Does anybody know what could be causing this? 
- Thanks in advanced


----------



## amp1114 (Jan 8, 2012)

Anyone? It happened again today


----------



## hadouken007 (Apr 14, 2011)

I got a 2000 Nissan, different car I know, mine was doing the same, it was the crank position sensor 

Sent from my SAMSUNG-SGH-I777 using AutoGuide.com App


----------



## amp1114 (Jan 8, 2012)

Thanks for the input.

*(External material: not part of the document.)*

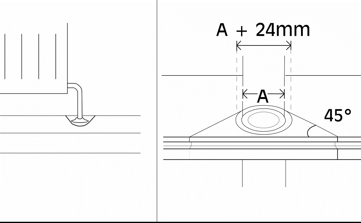 Distance to walls and fixed points: 2 mm per metre of the floor width on each side, however always min. 12 mm (1/2") (UK 15 mm).

I don't think it's my CKPS though because I checked my car for trouble codes today and I got more than a handful of codes but no crankshaft position sensor code.

Any more advice as to what could be causing this?


----------



## 94sentra1.6 (Jan 20, 2011)

sounds like a starter cylaniod. my sentra had one that was going out and if i ran the car hard, the next time it went to crank, all lights would dim andthe car would click. if you keep rapidly turning the key to start and it is clicking....then finally catches and starts, then its probably the starter cylaniod


----------



## jdg (Aug 27, 2009)

What's a cylanoid?


----------



## 94sentra1.6 (Jan 20, 2011)

jdg said:


> What's a cylanoid?


sorry, Starter *Soleniod


----------



## amp1114 (Jan 8, 2012)

Isn't the starter solenoid tested at autozone when testing the starter? Or is autozone just not reliable?


----------



## jdg (Aug 27, 2009)

Autozone is the Walmart of auto parts stores...well, unless you get somebody behind the counter that actually knows what they're doing, and you specify OEM or otherwise good, brand name items.
Other than that, cheap, chineese (or otherwise) knock-off replacement parts, punk kids working the behind the counter that think they know everything about cars because they once put on a cold air kit or a cool chrome exhaust tip. The list goes on and on.


----------



## amp1114 (Jan 8, 2012)

Yea I figured, the employees don't seem like they have a lot of knowledge about cars.

So do you know anywhere else I could go to get it checked that's more reliable?


----------



## bigdumper3 (Feb 12, 2012)

looking for a bit of info on this subject boys. i bought a 2.0 v6 maxima a couple of months ago, yhe starter motor was very noisey, so i sent away for one out of a 3.0 v6 because that was the only one i could find on ebay, but other starter adverts said that they were the same starter, well they are not. the one i got this morning was a lot bigger than the one on the car, anybody help with a good starter for me please


----------



## SPEEDO (Jun 9, 2003)

can you pinpoint what is clicking? relay, solenoid etc?


----------